More older Australians will feel the greatest pain from health insurance increases.
This week, Health Minister Greg Hunt hinted he would backflip on his assurance to halt health insurance premium hikes and give the green light for an increase of around 3.9 per cent in April. This presents older Australians, in particular, with yet another slug undermining the affordability of private medical care.
A YourLifeChoices enquiry to the Minister’s office for clarification was not answered at the time of publishing.
Mr Hunt was reported as telling news.com.au that even though the hike would be twice the rate of inflation, the increase would be the lowest in 15 years. His office said more details would be revealed next month.
Department of Health statistics show that, between 2010 and 2017, the yearly average price hike across all major health insurance companies was 5.6 per cent.
Some estimates say the proposed April increase will add $200 a year to premiums for families.
According to a YourLifeChoices survey of 5500 older Australians, more than 70 per cent of retirees pay for private health insurance. Furthermore, the YourLifeChoices December 2017 Retirement Affordability Index™ found that 62 per cent believed they would likely struggle to keep up the cover throughout their retirement as it became less affordable each year.
Only 47 per cent of all Australians are covered by private health insurance and the numbers are declining as premiums soar. Older Australians appear more likely to keep up their cover, but are disproportionately punished each time insurance increases because of their sheer numbers.
The bulk of retirees and pensioners have weathered rises of thousands of dollars for private health insurance in the past seven years. This week’s boast by Health Minister Greg Hunt that next April’s rise would be less than last year’s was as empty as most of our wallets, because the hike will still be twice as much as the increase in the cost of living.
To say it is a huge disappointment that the Federal Government hasn’t followed through with promises to shake-up the health insurance sector is an understatement. What happened to the Government’s supposed determination to make insurance more affordable, transparent, and at the very least, accountable for its price increases?
Certainly, the corporate watchdog is wasting no time holding other insurers to account for shonky car insurance, as the Australian Securities and Investments Commission (ASIC) revealed yesterday. ASIC has ordered that Allianz and Suncorp refund nearly $63 million to those duped into buying useless vehicle insurance through car dealerships.

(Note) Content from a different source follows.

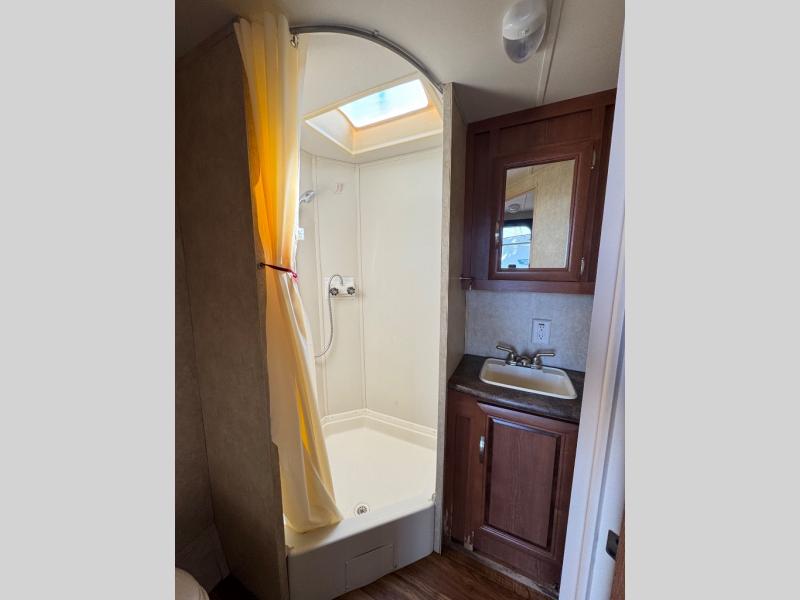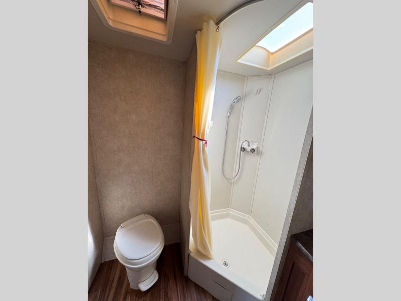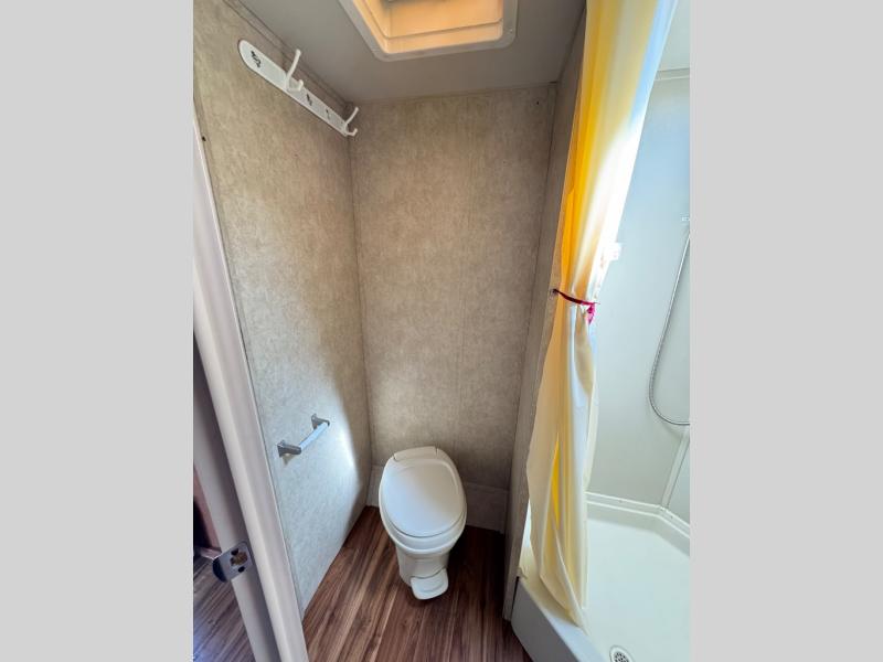 As you enter the travel trailer, to the left is a wardrobe. The bathroom has a toilet, corner shower, and sink.

Shonky, or junk insurance, is also a huge rort in the private health insurance sector, as consumer advocates CHOICE revealed in July. The Government is playing favourites by letting that sector off the hook while (rightfully) clamping down on other insurers.
And as we have previously reported, the Australian Competition and Consumer Commission is a toothless tiger when it comes to mediating between policyholders and insurance companies. It knows that complaints to the Private Health Insurance Ombudsman (PHIO) are climbing exponentially. Yet the commission appears content with the ombudsman’s office reticence to steer the sector towards the right path. The PHIO admitted last year it “is focused more on negotiating outcomes … rather than assigning fault and applying a penalty or fine to one party”.
So, who is looking out for the little guy – especially older Australians – on the vexing issue of exorbitantly priced health cover?
To add salt to the wound, late last year, the Government also gave its blessing to health insurers that wanted to drop substantial cover for procedures such as hip and knee replacements and natural therapies, all of which bring great relief to older Australians in pain. What is the point of being privately insured when it presents as such a low value proposition?
Will this year’s increase in premiums force you to give up health insurance? Do you see any value in being privately insured? Should the Government allow ASIC to scrutinise the value of health insurance in the way it does with other types of cover?